Are We Meeting Children’s Needs, or Our Own Need for Control?

  • Maria Chaffin

One of the hardest truths we face as educators and parents is this: sometimes our need for control gets in the way of giving children what they truly need.

Montessori reminds us to follow the child. But if we’re honest, our nervous systems, our preconceptions, and even our unconscious judgments often pull us back into control. We forget that the child is at the center, not us.

Think about the start of the school year. We all know the child who doesn’t seem to follow the rules, who can’t calm their body, who is constantly moving and being called out. A month in, and all anyone talks about is how impossible this child is, how they can’t listen, how everything is “their fault.” Soon the whole classroom, even the staff, starts to see this child only through a negative lens.
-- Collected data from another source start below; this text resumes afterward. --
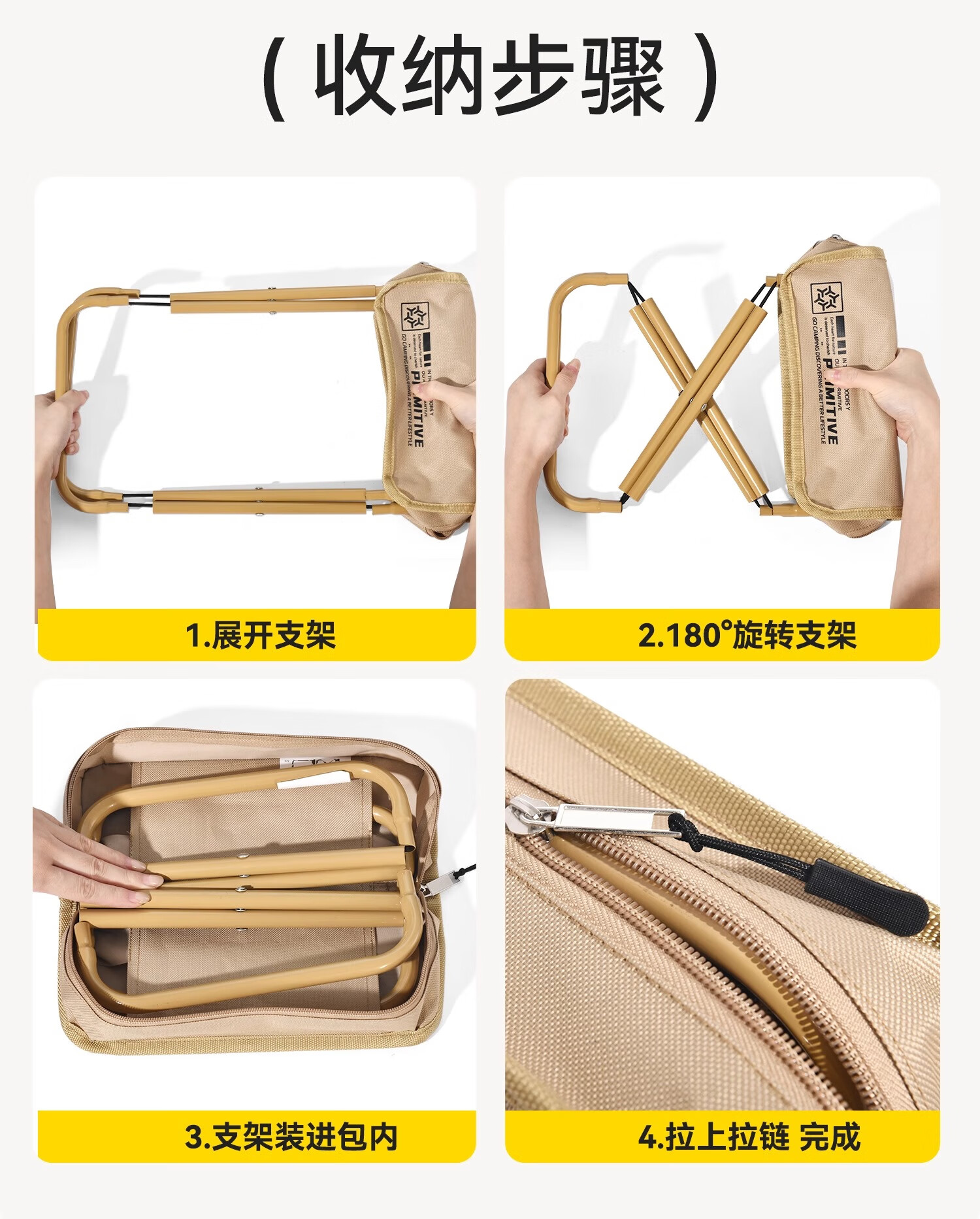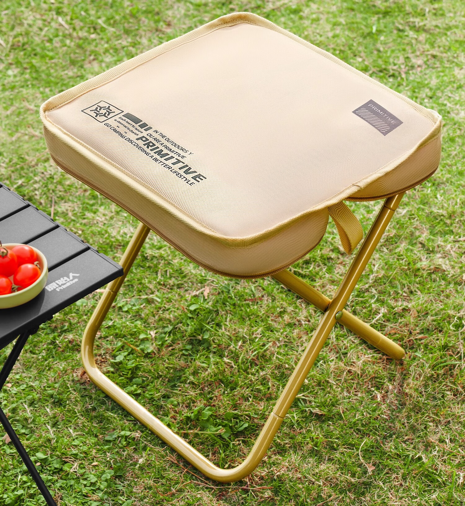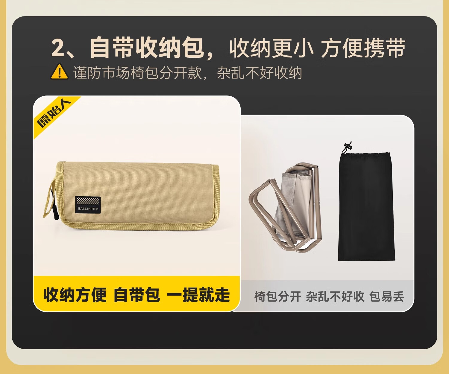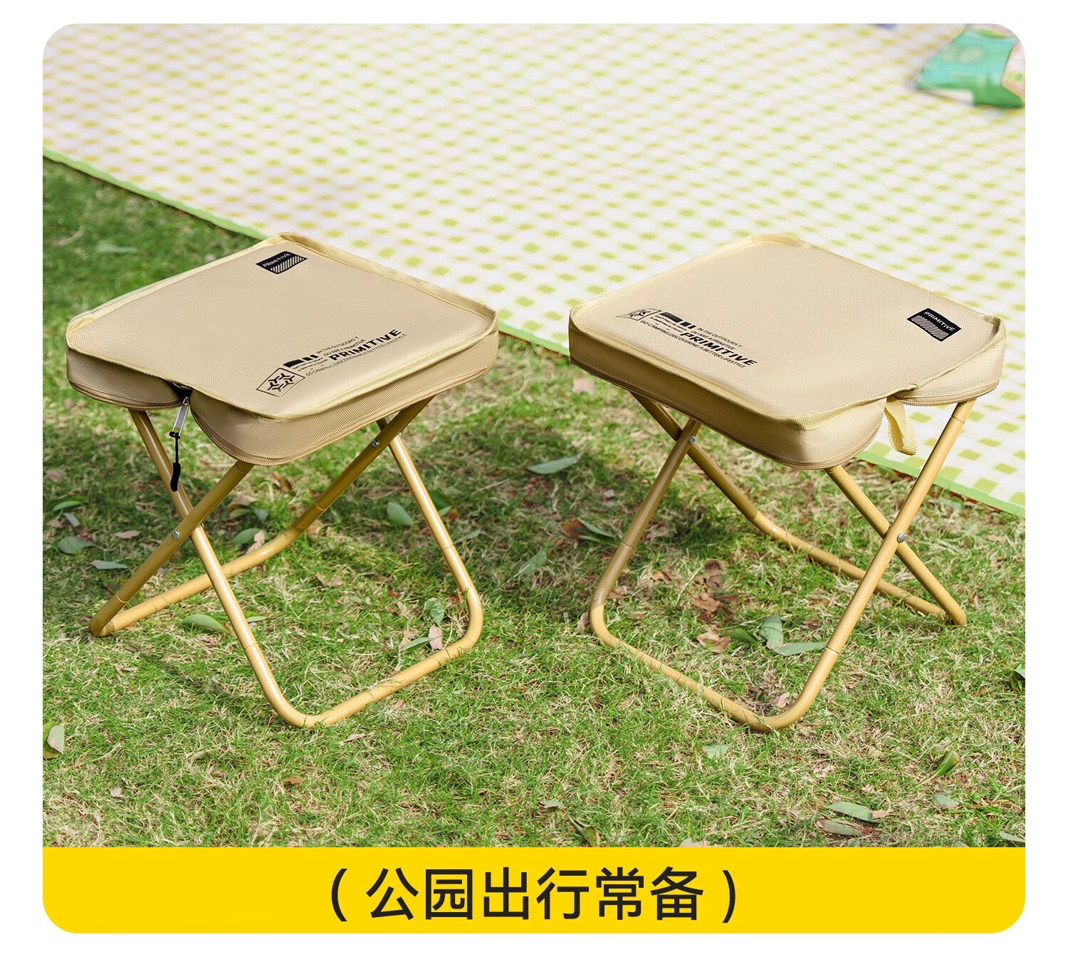原始人折叠凳子户外折叠椅便携式小马扎露营钓鱼排队神器小板凳野餐笔袋 卡其中号-超轻便携 超强承重
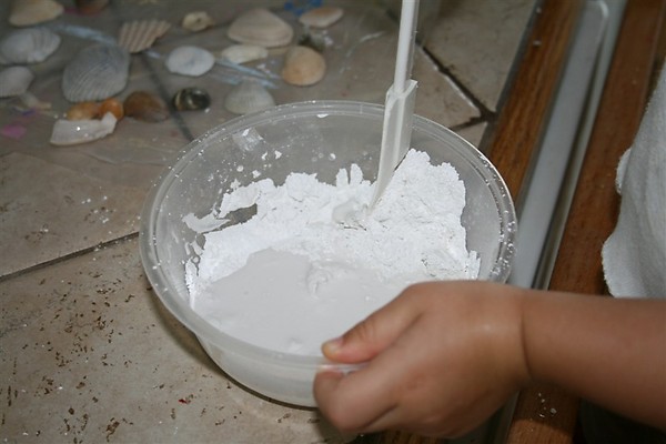Flour, mixed with water and salt, makes pliable plaster. Plaster is the base for art projects such as papier mache, modeling projects and sculptures. … Not only is flour nontoxic and safe for kids, white flour is available in grocery stores for just a few dollars a pound.
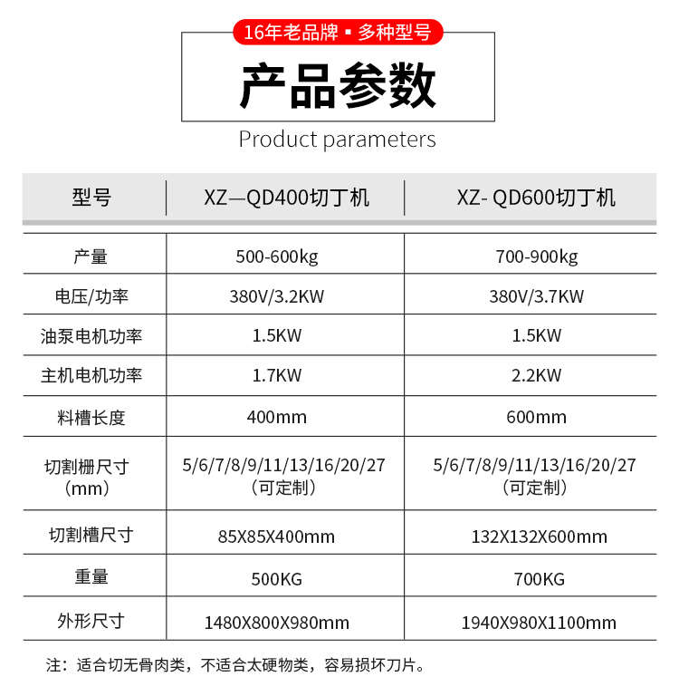 名稱XZ-QD400切丁機 電源380V 功率主:3.2KW。油泵電機功率1.5KW,主機電機功率1.7KW 產(chǎn)量500-600kg 尺寸切割槽尺寸85X85X400mm,外形尺寸1480X800X980mm 重量500KG 規(guī)格料槽長度400mm,切割柵尺寸5/6/7/8/9/11/13/16/20/27(mm)(可定制) 其他
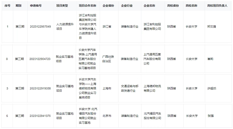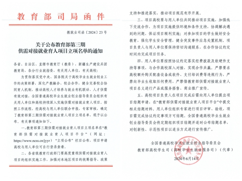 近日,教育部发布了《关于公布教育部第三期供需对接就业育人项目立项名单的通知》(教就业司函[2024]23号),公布了第三期供需对接就业育人项目立项名单。经高校申请、用人单位申报、专家审核、立项单位信息核查等环节,澳门太阳城赌场 与浙江吉利控股集团有限公司合作的人力资源提升项目,与上汽通用五菱汽车股份有限公司、上海德邦物流有限公司、北汽福田汽车股份有限公司合作的3项就业实习基地项目获批立项。

And let’s be real, sometimes the thoughts that creep into our minds are even harsher:

“He’s sneaky.”

“She’s planning this.”

“He’s lazy.”

“She’s doing this on purpose.”

“He’s trying to bother his friends.”

But here’s the truth: that child has something to say to us. Their behavior is communication. And if every interaction, every body language cue, every whispered comment about them fills their “negative bucket,” what chance do they have? And if that child hears the same words about themselves, day after day—“you can’t,” “you don’t,” “you’re too much”—what do we expect will happen? If we, the adults, don’t start changing, nothing will change for them.

The question is not “What’s wrong with the child?” but “What are we doing for this child?” Are we unintentionally filling their day with criticism, frustration, and blame? Or are we consciously flipping the script, choosing to look for positives, to highlight strengths, to give them dignity and hope in the classroom community?
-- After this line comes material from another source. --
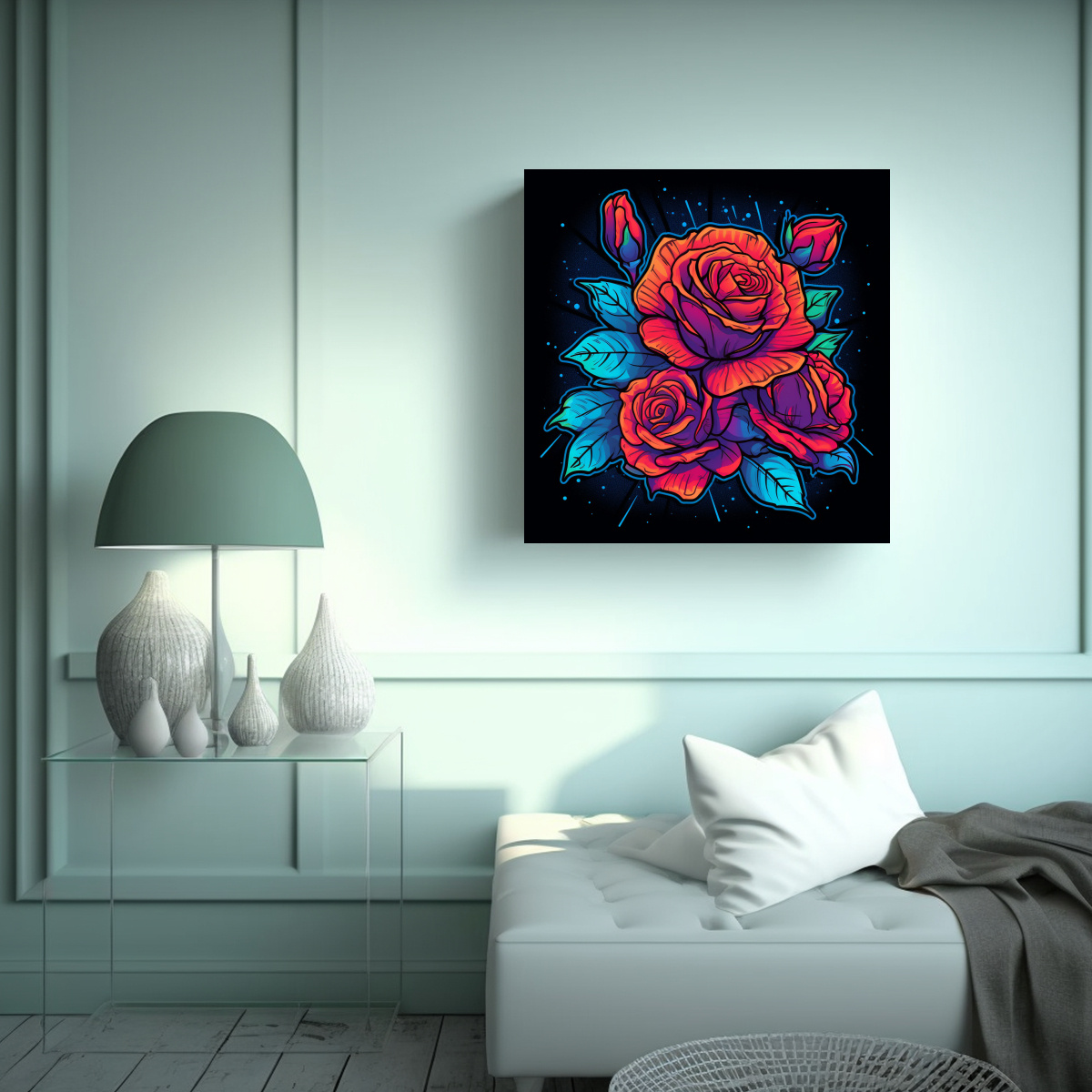 Cuadro Vanguardia Vida Con Imagen Vectorial De Rosa Estilo 80s

Every child carries two buckets. The negative one fills fast, especially for kids who move differently, learn differently, or communicate differently. But when we make it our mission to fill the positive bucket, with encouragement, with belief, with love, the whole picture shifts.

So the challenge for us, especially at the start of the year, is simple but radical:

👉 Stop feeding the negative bucket.

👉 Start pouring into the positive one.

Because it’s not the child who needs fixing. It’s us, the adults, who must prepare ourselves differently. That’s the real work of following the child.